To measure the most basic performance parameters, we first start with a secure erased drive. We write over the entire LBA space with sequential writes twice, then write the capacity of the drive twice with 4K random writes. Once prepared, we run the following tests for one minute at each queue depth. The throughput tests are similar, except that we’ve included fresh performance numbers as well.
We test the max throughput numbers with sequential 128K reads and writes. We take a baseline fresh number first, then check again after the 2x random fill. Notice that the max reads are capped at 3.3GB/s.
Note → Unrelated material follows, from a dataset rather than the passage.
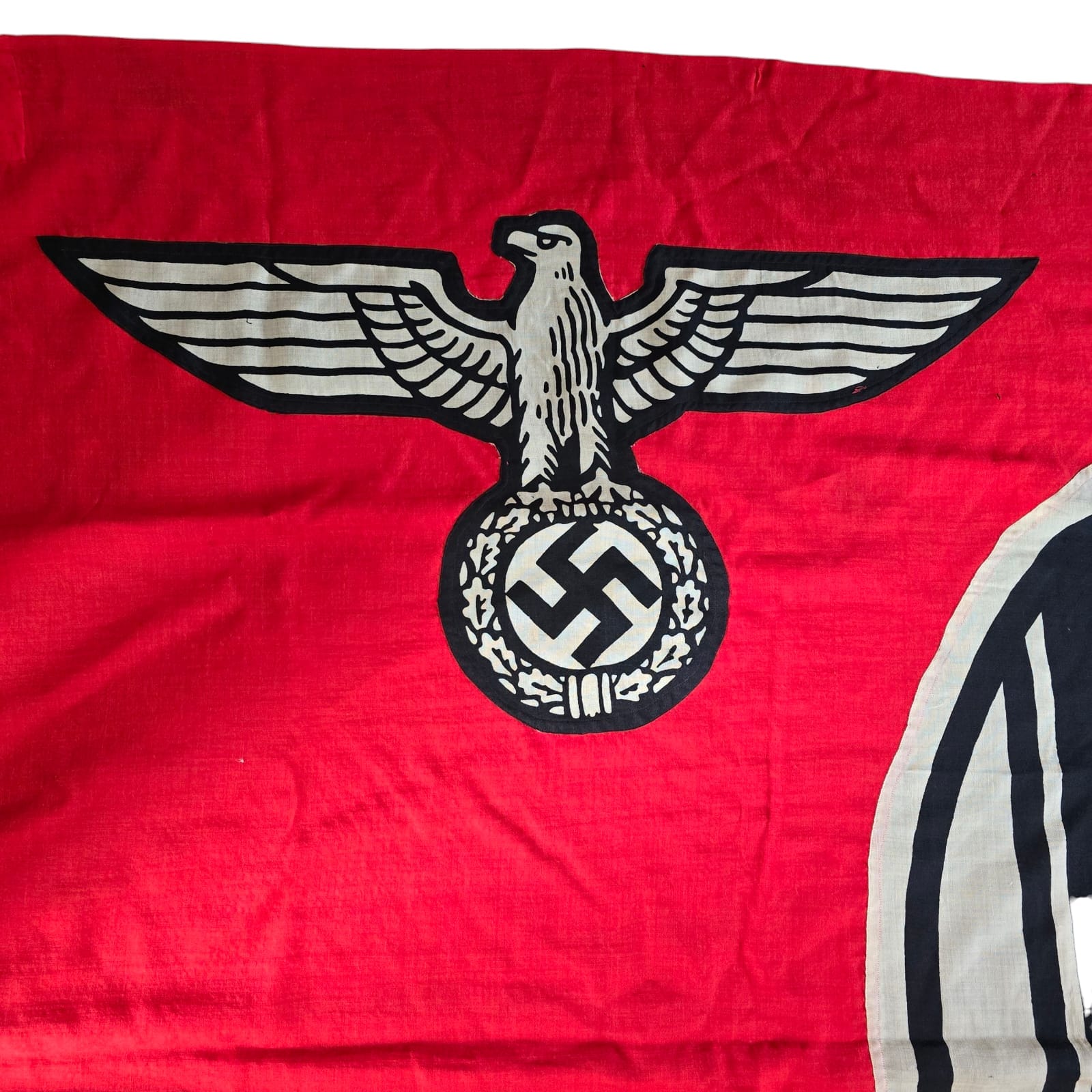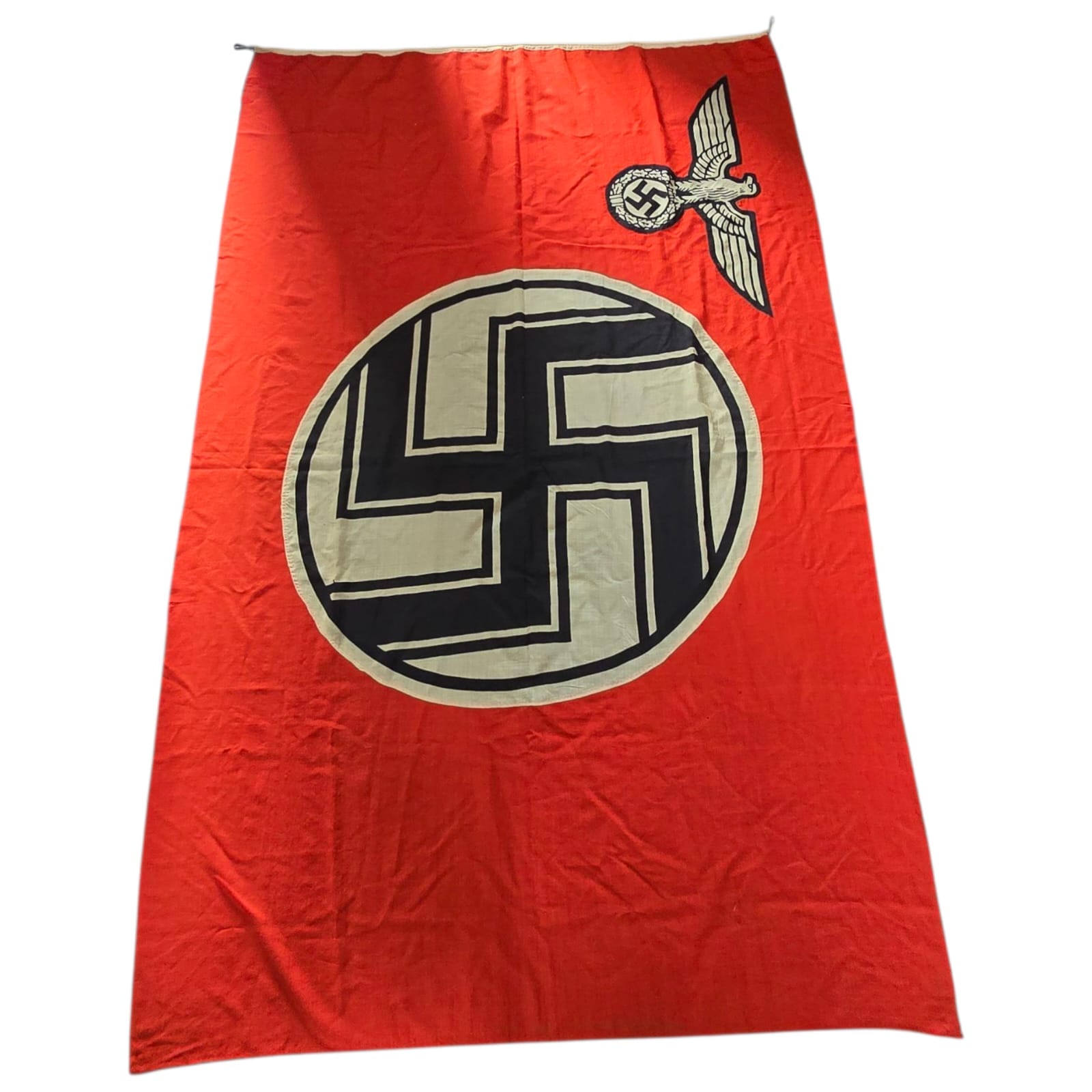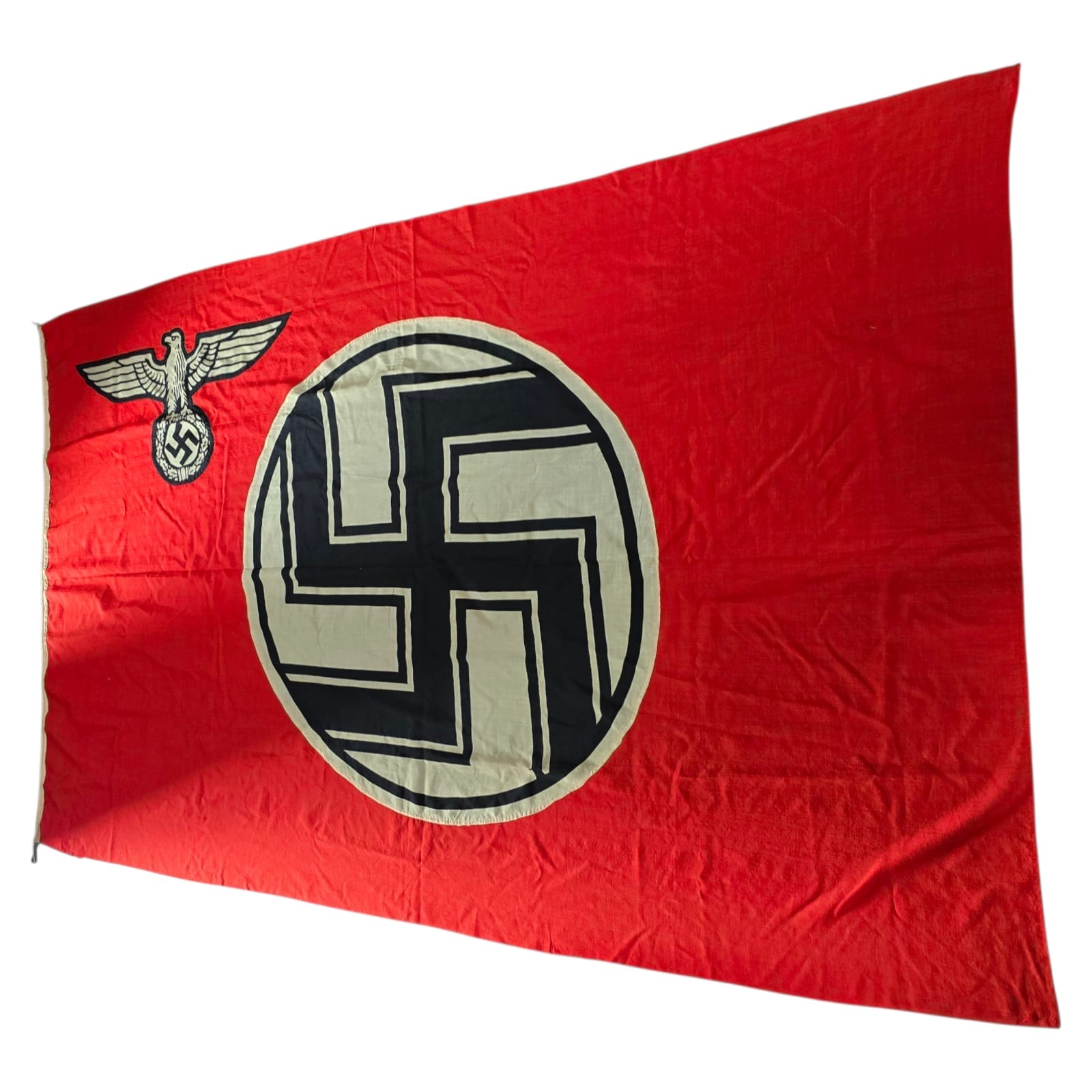 Item: The state service flag of Nazi Germany (1935–1945) was a variant of the national flag used by government offices, state institutions, and official buildings. It featured the same basic swastika design as the national flag but with additional markings (such as the eagle and wreath) to distinguish it from the versions flown by civilians or the military. It symbolized government authority and was displayed on public buildings and official facilities until the end of the Third Reich in 1945.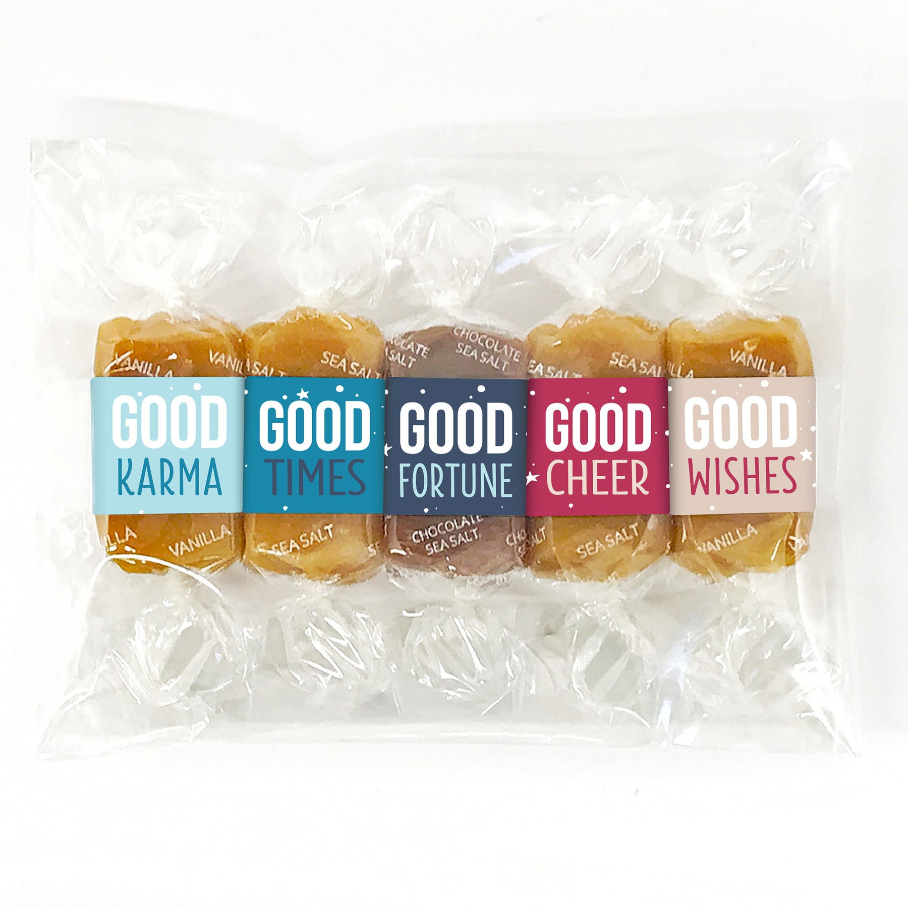 5 pieces of gourmet caramels with colorful wrappers in a clear cello packet. Caramel wrappers feature positive quotes and designs of good wishes, good cheer, good fortune, and more.

The P320h is “limited” to around 3.3GB/s. Why? Because the PCIe Gen 2 interface is good for approximately 3.3GB/s of throughput. Since 785,000 4K IOPS equals ~3.3GB/s, the P320h is limited to 785,000 4K Random Read IOPS by the interface itself. Without the Gen 2 limitation, the P320h could probably better that. The fact that the P320h can saturate its interface with sequential and small random IOPS is truly excellent, certainly not something seen everyday.
The P320h just scales exceedingly well. 785K IOPS are achieved at a QD of 256. Below that, performance slopes downward with latency, while at a QD of 512 performance is nearly at peak. Beyond 256 commands outstanding, latency starts getting out of hand, though. For super high QD situations, the high queue depth interrupt coalescing setting is probably more appropriate.
The P320h serves up some excellent write latency. Writes also hit their maximum performance with 256 outstanding commands. The P320h’s driver is optimized to function best around QD 256, whether in Windows or Linux. If you can’t get to 256 with writes, you can still get pretty close to peak performance.
We can look at a matrix of average latency at QD 1 to get a standardized latency measurement.
We run latency measurements at 512 bytes, 4K, and 8K block sizes. For each block size, we run one minute of logging for 100% read, 65% read, and 100% write. The results fit in neatly with the previous 4K read and write charts.
Instead of measuring average latency, this chart measures maximum latency. Max latency is at or above one millisecond (1000 microseconds) for each QD 1 blocksize and read/write mix.